JAB Holding Company’s Long-term Love Affair with the American Consumer

MHT Partners  | Consumer Investment Bank

One name has dominated the headlines over the last few years in global food, beverage, and casual dining M&A:  JAB Holding Company.  It seems like every month a billion dollar deal is announced involving JAB, including the May 29th Pret a Manger acquisition for a reported £1.5 billion.  Outside financial circles, however, few people know much about JAB.  Is it a private equity firm?  Family office?  What is its source of capital, and why all of the sudden does JAB seem like the largest coffee company in the world?

First off, a bit of history on JAB Holdings Company.  JAB is short for Johann A. Benckiser, who founded German industrial chemical company Benckiser in 1823.  Benckiser’s cofounder, Austrian Albert Reimann, married into the Benckiser family (Johann’s daughter), and the Reimann family controlled Benckiser until its merger with Reckitt in 1999.  JAB was subsequently formed as an investment vehicle and is currently controlled by four Reimann family members.  JAB is not a sleepy family office, as the entity invests like a multi-billion dollar PE fund, including the use of debt and coinvestors.  While there are several layers of family ownership and publicly traded bonds, JAB’s website currently lists only six “investments” managed by a relatively lean team.  However, the portfolio is deceiving as four of the investments are majority-owned holding companies representing tens of billions of dollars’ worth of acquisitions over a relatively short period of time.  In 2017, per the publicly disclosed accounts of JAB Holding Company S.a.r.l (a Luxembourg entity), JAB’s assets were valued at €22.7 billion[1], including minority positions in publicly traded Reckitt Benckiser and Coty Inc.

Drilling down on U.S. investments, JAB owns a controlling interest in Keurig Green Mountain, which JAB took private with Mondelez in 2016 in a $14.4 billion transaction.  If that wasn’t enough caffeine for JAB (the world’s second largest coffee company[2]), the Keurig ownership group (Acorn Holdings) announced in January it will acquire Dr. Pepper Snapple for $18.7 billion (JAB is contributing $9.0 billion of equity).  JAB also controls JAB Beech Inc., which has spent over $10 billion since 2013 building a coffee, donut, bagel, and fast casual restaurant empire that now rivals the likes of Starbucks, Burger King, and McDonalds.  Consider some additional U.S. deals and their announced valuations:

2012:  Peet’s Coffee & Tea:  $1.0 billion (followed by Stumptown, Intelligentsia, Mighty Leaf, and others)

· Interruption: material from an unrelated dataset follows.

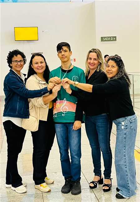 Alfredo Chaves esteve presente representado pelo aluno medalhista, Victor Sant’Anna; a secretária de Educação, Chirley Nascimento; a professora de matemática, Mariza Bona Bonadiman Garcia; a diretora da Escola Ana Araújo, Cibele Bérgami Destéfani Natali e a mãe do aluno.

2014:  Einstein Noah Restaurant Group:  $485 million (preceded by Caribou Coffee, followed by Bruegger’s Bagels)

2016:  Krispy Kreme Doughnuts:  $1.3 billion

2017:  Panera Bread Company:  $7.8 billion (followed by Au Bon Pain)

Not to be ignored are JAB’s investments in over a dozen leading European coffee (and soon restaurant) brands as well as its minority interest in European fashion brand Bally.

What is next for JAB in the U.S.?  More coffee?  Alcohol brands?  More restaurant chains?  JAB’s partners have not publicly disclosed any plans, but as long-term investors, they are clearly not scared off by today’s asset valuations and have the deal chops to take large, publicly traded companies private.